BBB regeneration is an essential step in ischemic stroke to recover brain function [15]. The BBB regulates the molecular exchange between the brain parenchyma and the blood, establishes its barrier function, and maintains brain homeostasis [16]. Under ischemic stroke, pericytes dissociate from the BBB architecture during the acute phase, causing BBB leakage and the loss of barrier function [17]. Then, immune cells can penetrate the brain parenchyma, initiating neuroinflammation, which causes neuronal cell death and brain damage [18]. Thus, vascular pericytes critically contribute to the formation and integrity of the blood vessel walls within the microcirculation and maintain vascular stability [19]. More importantly, vascular pericytes contribute to remodeling of the microcirculation through the dynamic interactions between pericytes and endothelial cells during angiogenic sprouting, where activated endothelial cells recruit pericytes through the secretion of PDGF-ΒΒ, which binds to PDGFR-β with high affinity [20]. In particular, bone marrow-derived MSCs (BM-MSCs) have been widely studied for the development of cell therapy for stroke and other chronic central nervous system diseases [4]. Many previous preclinical studies have reported that BM-MSCs regulate the inflammatory environment through the paracrine effect of their released cytokines and growth factors. However, BM-MSCs are also considered to act similarly to vascular pericytes and engage in BBB reconstruction [21,22].
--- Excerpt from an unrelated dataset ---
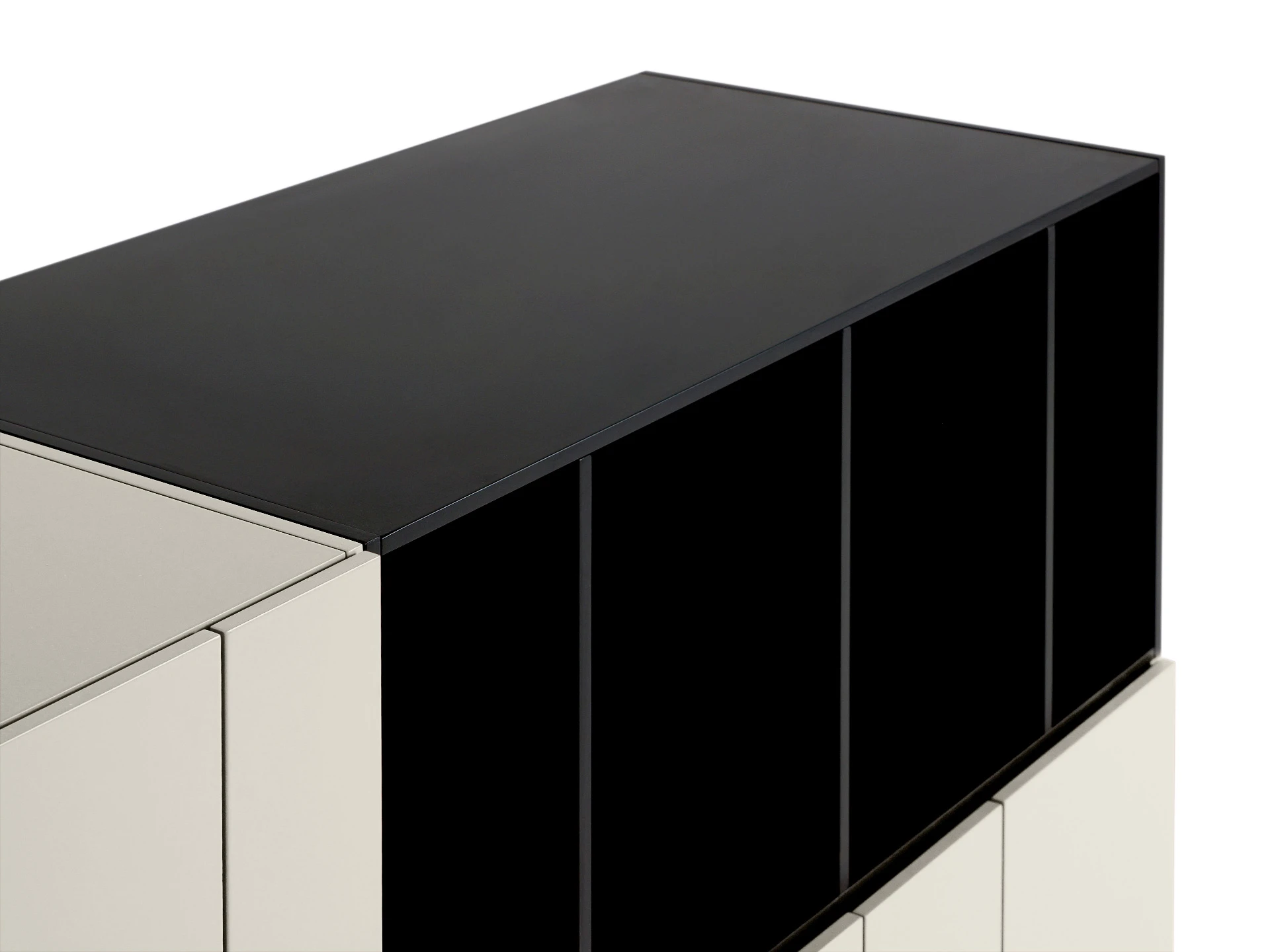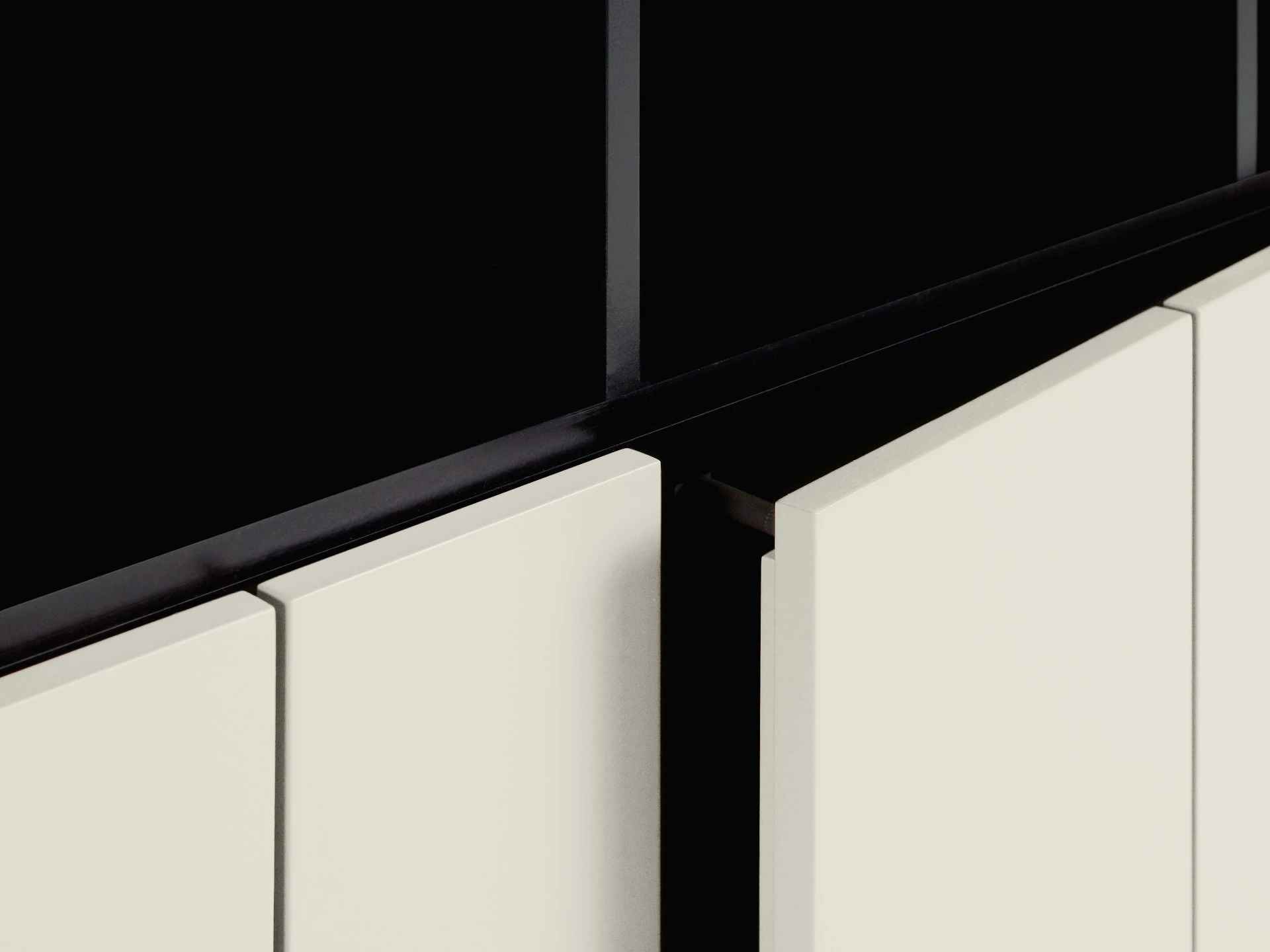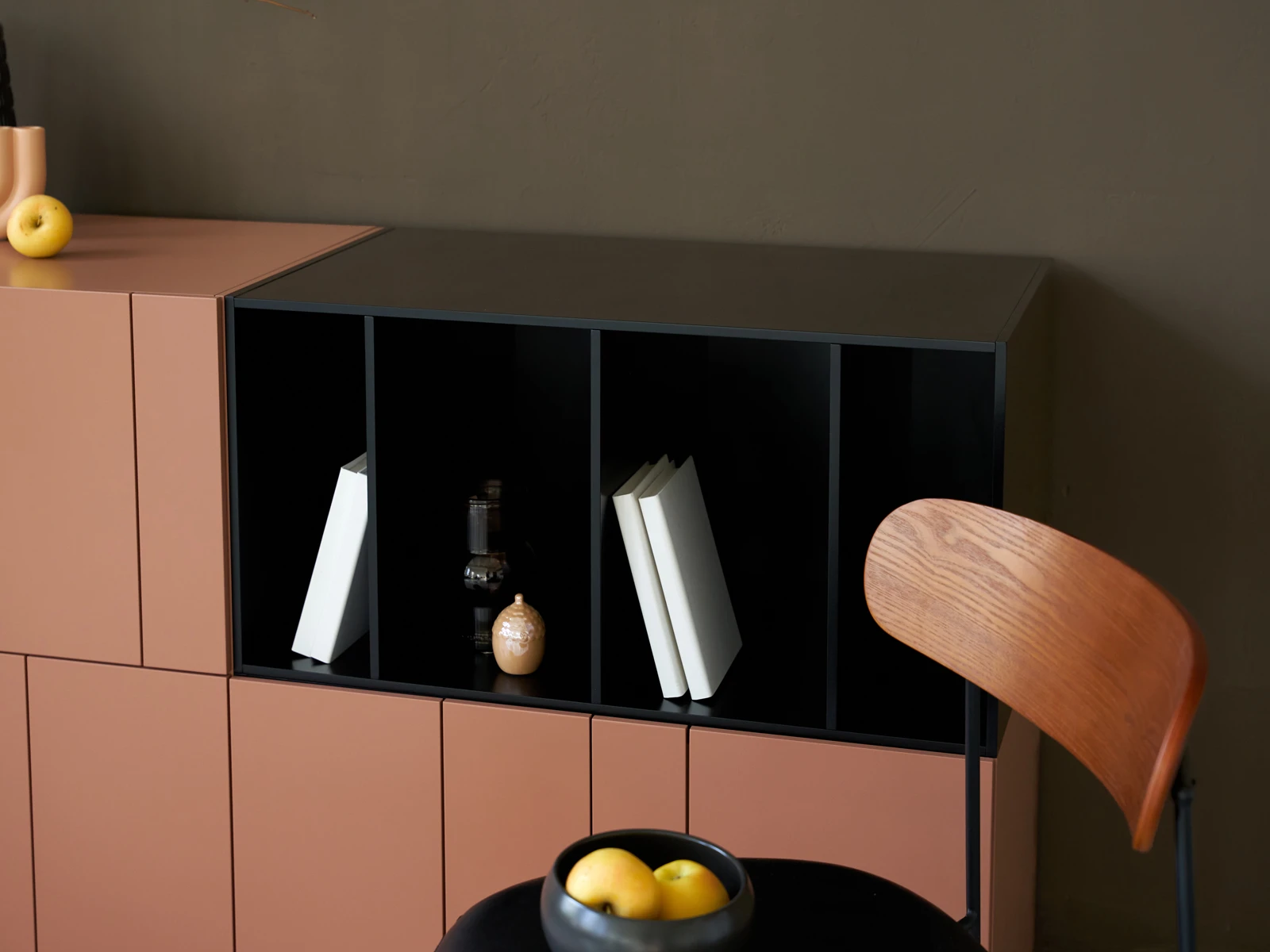 Материал корпуса и фасада: МДФ 16 мм., МДФ 10 мм. Детали окрашены эмалью: черной и в цвет коричневый агат Ral 040 50 20. Двери открываются по принципу «нажал – открыл» с помощью толкателей. Сервант установлен на регулируемые опоры. Задняя стенка выполнена также из окрашенной МДФ. Сервант рекомендуется крепить к стене.

In this study, we reconstructed the BBB-like microvasculature on a microfluidic chip with different combinations of hBMECs, hPCs, and hACs and explored how each cell type plays a role in the reconstruction of capillary network architecture and maturation of BBB-like microvasculature by measuring vessel diameter, segment length, number of nodes, meshes, segments, and branches using the NIH Image J angiogenesis program. Based on quantitative criteria of the structural features of capillary networks, biochemical analysis of tight junction formation and basement membrane, and functional test of vascular permeability barrier, we demonstrated the engagement of hBM-MSCs on the BBB-like microvasculature as the perivascular pericyte and comparatively estimated their efficacy with hPCs in vitro. We found that hBM-MSCs seem to retain a better capacity to encircle and constrict the endothelial vessel as a perivascular pericyte than hPCs, and hACs may also play a more important role in the maturation of the fine web-like capillary network of the BBB-like microvasculature rather than in vascular constriction. To delineate the role of hBM-MSCs as perivascular pericytes, levels of proteins involved in cell migration, endothelial association, vasoconstriction, and basement membrane were compared using Western blot analysis and enzyme-linked immunosorbent assay (ELISA) between hBM-MSCs and hPCs in single and co-culture conditions similar to those in the microfluidic chip. Finally, we discussed that the BBB-like microvasculature on a microfluidic chip may be adopted as a competent alternative to evaluate in vitro cellular behavior and the engagement of cell therapeutic candidates in BBB regeneration and can be further developed to the BBB in the disease state or ischemic stroke in the future.